Both of these concepts are vital to this chapter and this book. The problem they are referring to is a gap that exists between our ability to define what is relevant information and how to monetize it. We show you how to close this gap through our Analytical Cycle, the focus of this chapter, and Decision Architecture, a methodology comprising Decision Analysis, Agile Analytics, and Monetization Strategy.

The Analytical Cycle provides you with a frame of reference on how to solve analytical problems. The journey starts with the business problem statement and questions you ask yourself as you try to understand how to create an opportunity to monetize. Next, we discuss diagnostics, which is the problem solving that occurs as you look for decisions to make to capture the opportunity. Lastly, we focus on making our solution actionable and measuring our results. This process is enabled through data and informed by the user of the information and the analytical maturity of the organization. Let's start with an overview of the Analytical Cycle.

Analytical Cycle Overview

As we mentioned in Chapter 1, decisions are often impeded by our personal biases and noise. To raise the level and quality of your decisions, it makes sense to empower your managers with the collective wisdom (best practices) of the organization and provide diagnostic tools with algorithms to make better decisions. When we rely on managers to learn on the job and develop a “gut” instinct for the decisions through learned experiences, we expose ourselves to many traps such as cognitive bias. There is an abundance of evidence that supports this statement and points to the need for a fact-based decision process powered by analytics.

An example of this is from one of the most famous individuals in history, Sir Isaac Newton. In the early eighteenth century, the South Sea Company was granted a monopoly on trade in the South Seas in exchange for assuming England's war debt. The idea that the company had a monopoly was of obvious appeal to investors and the company's stock began a six-month explosive run. Newton got into the investment early and saw his stock nearly double, at which point he decided to exit with a nice return. The stock continued to climb and Newton, feeling that he was missing out while his friends were getting rich, decided to reenter the investment at astronomical prices only to lose the bulk of his life savings. This prompted him to say famously, “I can calculate the movement of stars, but not the madness of men.”

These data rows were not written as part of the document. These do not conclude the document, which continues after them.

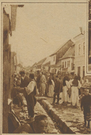
Straßenbild aus einem kleinen Dörfchen, das zur Geburtstagsfeier des Kronprinzen beflaggt hat
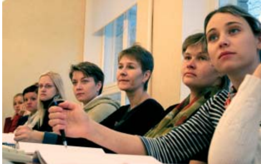
Noored ettevõtlikud emad Saaremaa Õppekeskuse koolituse avaloengul.

Kodulehekülg: www.wefriends.hiiumaa.ee ; www.tuuru.edu.ee
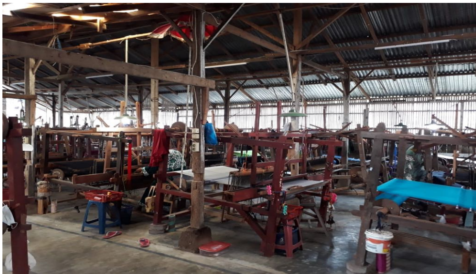
Gambar 2. Ruang produksi Usaha Tenun Kubang H.Ridwan By

Masalah yang dihadapi usaha Tenun Kubang H.Ridwan By salah satunya lambatnya proses produksi yang diakibatkan lambatnya proses desain motif. Hal ini
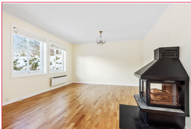
Stue med peis

Making decisions based on gut feel, intuition, or emotion leaves you vulnerable to the cognitive biases we all carry around with us. In the case of Newton, it was an emotional decision based on the fear of missing out while his friends got rich. In the Decision Theory chapter (Chapter 8), we cover a full range of biases that you need to be aware of as you build out your analytical solutions. For now, let's look at an approach to making quality decisions.

Making a quality decision is harder than ever before. We are flooded with information and are expected to synthesize this information into quality decisions in order to drive results. The first step on our path to utilizing this information is to distill it into what is accurate and relevant for our organization and job function. Once we have more accurate and relevant information, the next step is to diagnose or spot an opportunity in order to make a quality decision. With a better decision, we get higher quality actions that we can execute on to capitalize on an opportunity. The higher quality actions, the better our results and measurements. We are able to take these measurements as information to inform our next decision, and the cycle continues. Figure 2.1 depicts this concept.

Figure not available.

Figure 2.1 Analytical Cycle

We refer to this virtuous cycle as the Analytical Cycle, which is broken down into four components: Inform > Diagnose > Action > Measure. The foundation for the entire process is data, and we should probably stress, quality data. Figure 2.2 is an abstracted version of the Analytical Cycle.

Image described by caption and surrounding text.

Figure 2.2 Analytical Cycle in the Abstract

This analytical cycle is structured very similarly to that of a doctor or scientist trying to diagnose an issue. Let's look at a hypothetical example. A patient walks into the doctor's office and the doctor is trying to diagnose a course of treatment based on verbal and visual information provided by the patient.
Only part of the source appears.